The suspicious transaction report introduced by Law L / 2006/010 / AN remains. Formerly limited to money laundering offenses, it is extended to terrorist financing offenses. From now on. When a financial institution suspects or has reasonable grounds to suspect that funds or other assets are likely to be associated with the financing of terrorism, it must make a declaration to CENTIF. This reporting obligation applies to all suspicious transactions regardless of the amount.

Strengthened international cooperation
The new law also stands out in that it lays the foundations for increased international cooperation in the Guinean authorities’ fight against money laundering and the financing of terrorism.

Since 2007, mutual legal assistance includes the transfer of proceedings, the request for investigative and investigative measures, the request for search measures, the request for precautionary measures such as seizures, the delivery of procedural documents, appearance of witnesses and extradition requests.

Section 5 of the law establishes new forms of cooperation.

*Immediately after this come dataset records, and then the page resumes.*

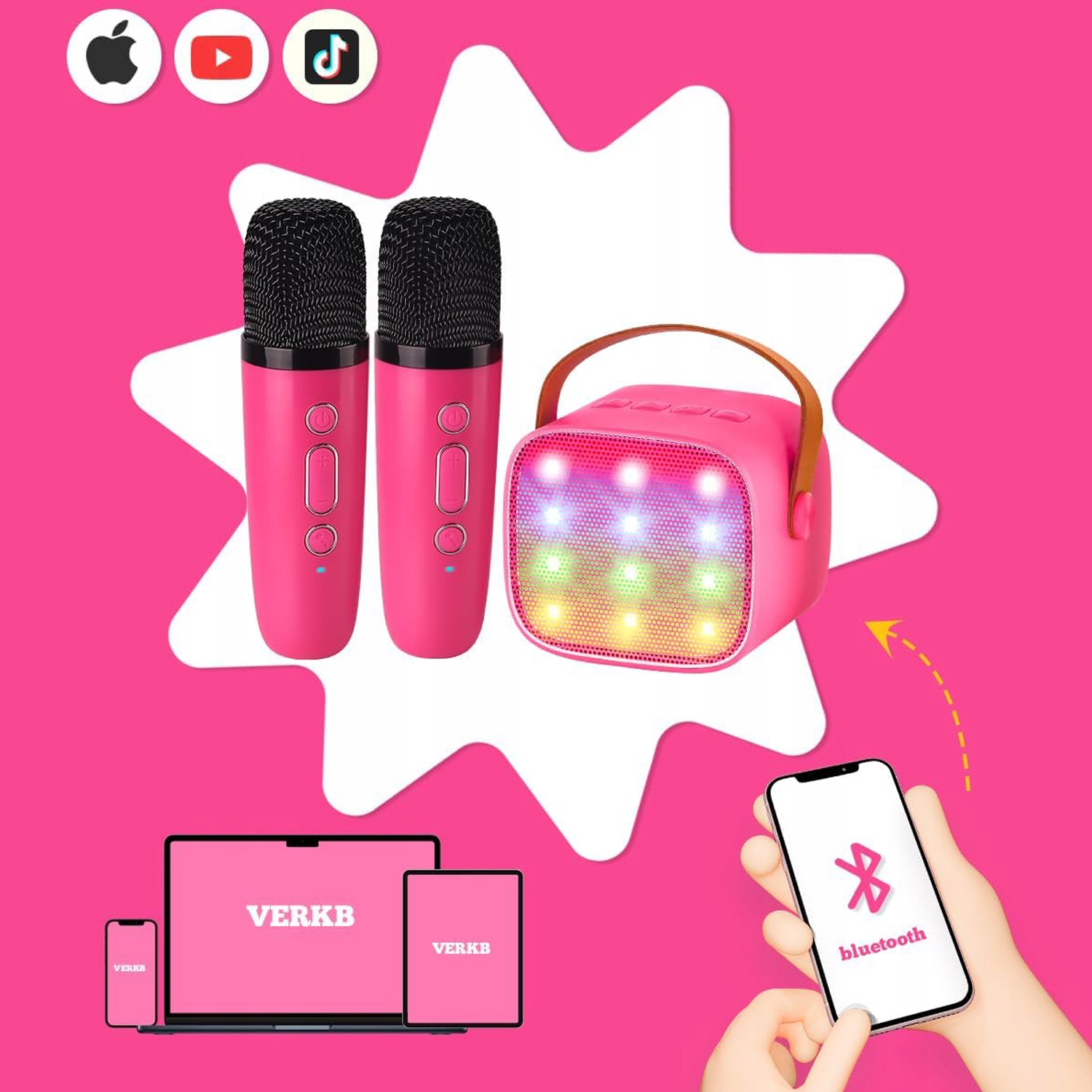 Компактная караоке-машина . Наша мини-караоке-машина с 4 типами волшебных голосов идеально подходит для детей всех возрастов. Светодиодные фонари пульсируют в такт музыке, создавая веселую атмосферу. Благодаря выходу для наушников он идеально подходит для занятий пением или семейного вечера караоке.
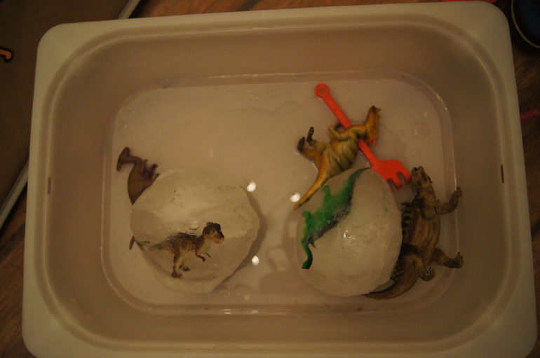 Только быстро эти яйца надоели, никак не желали таять, выламывать и растапливать сын не позволил, часов пять периодически проверяли как они там, но динозавров было не вытащить.)) Так что уснули, так и не увидев полный процесс вылупления из яйца.)))
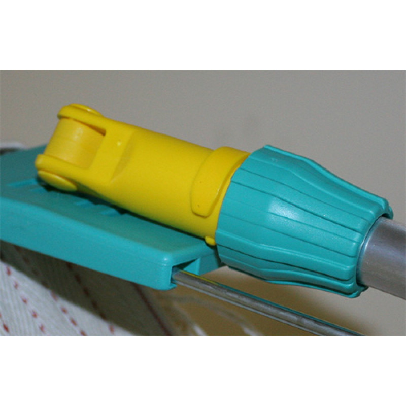 Зажим желтого цвета из полипропилена. Предназначен для фиксации основы швабры к рукоятке. Является дополнительным аксессуаром. Входит в комплект основы без блокировки.
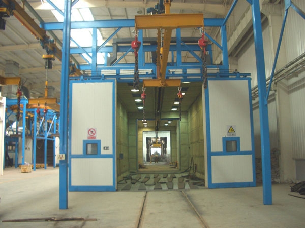規(guī)格及特點(diǎn):PLC控制,室外液晶顯示器自動顯示拋丸器的回轉(zhuǎn)角度、高度、拋丸架和臺車位置。PLC控制操作整個設(shè)備運(yùn)行,點(diǎn)動后,只要工人注意工作情況即可,無需再去人工操作,直到工件自動走出工作室。清理工件以機(jī)械拋丸為主,人工噴丸為輔,被清理工件表面達(dá)Sa2.5-Sa3級。
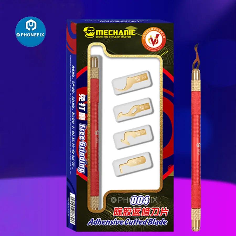 Mechanic 004 double-end glue cutting rework blades set with 4 kinds steel blades for mobile phone motherboard BGA chip layer, UV glue clean tool for removing residue adhesive glue form cell phone PCB BGA repair
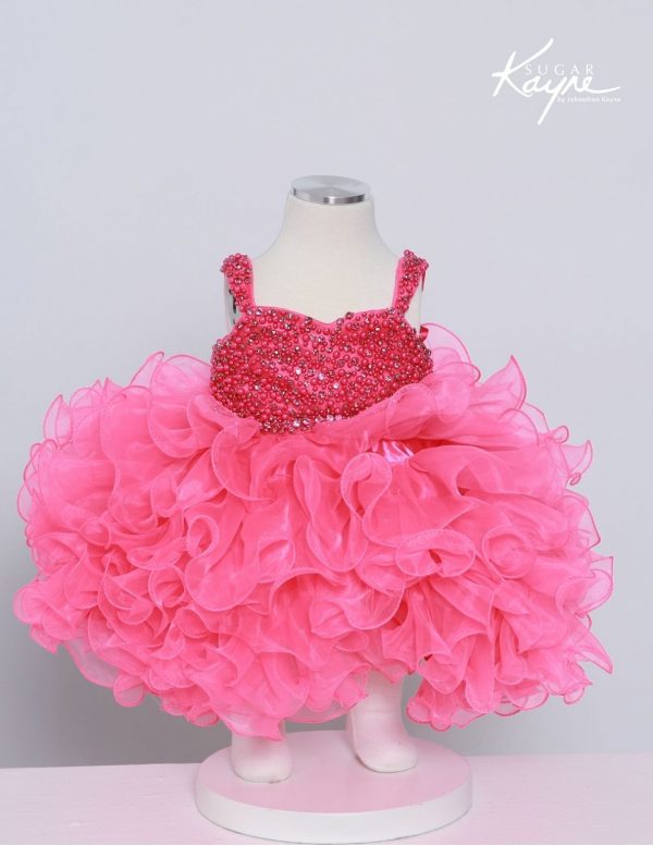 Have your little one bring on all the charm in this stunning ruffle organza toddler dress. The pearl accented bodice creates sparkle and corset back is the perfect addition as the little one grows!

The emphasis is on the exchange of information between supervisory authorities. The latter may collaborate and exchange information with foreign authorities exercising similar powers, subject to reciprocity and confidentiality.

Thus, CENTIF can communicate to foreign supervisory authorities any information related to the new law, regardless of the type of infringement provided that the foreign authorities concerned apply professional secrecy on the one hand and that the processing of the information communicated guarantees an adequate level of protection on the other hand. Likewise, the Central Bank of the Republic of Guinea may, at the request of foreign authorities, carry out on-the-spot checks in subsidiaries or branches of financial institutions.

Although absent from most of the provisions of the law, the customs service is associated with this new form of cooperation. This collaboration takes the form of the exchange of information with foreign authorities exercising similar powers in terms of monitoring the implementation of reporting obligations for the transport of cash and bearer securities.

The adoption of this law demonstrates the will of the legislator to align with the rights of foreign states on the prevention of the use of the financial system for the purposes of money laundering and terrorist financing. The Guinean authorities must now put this reform into practice and mobilize the human and financial resources to enable the effective application of the system put in place.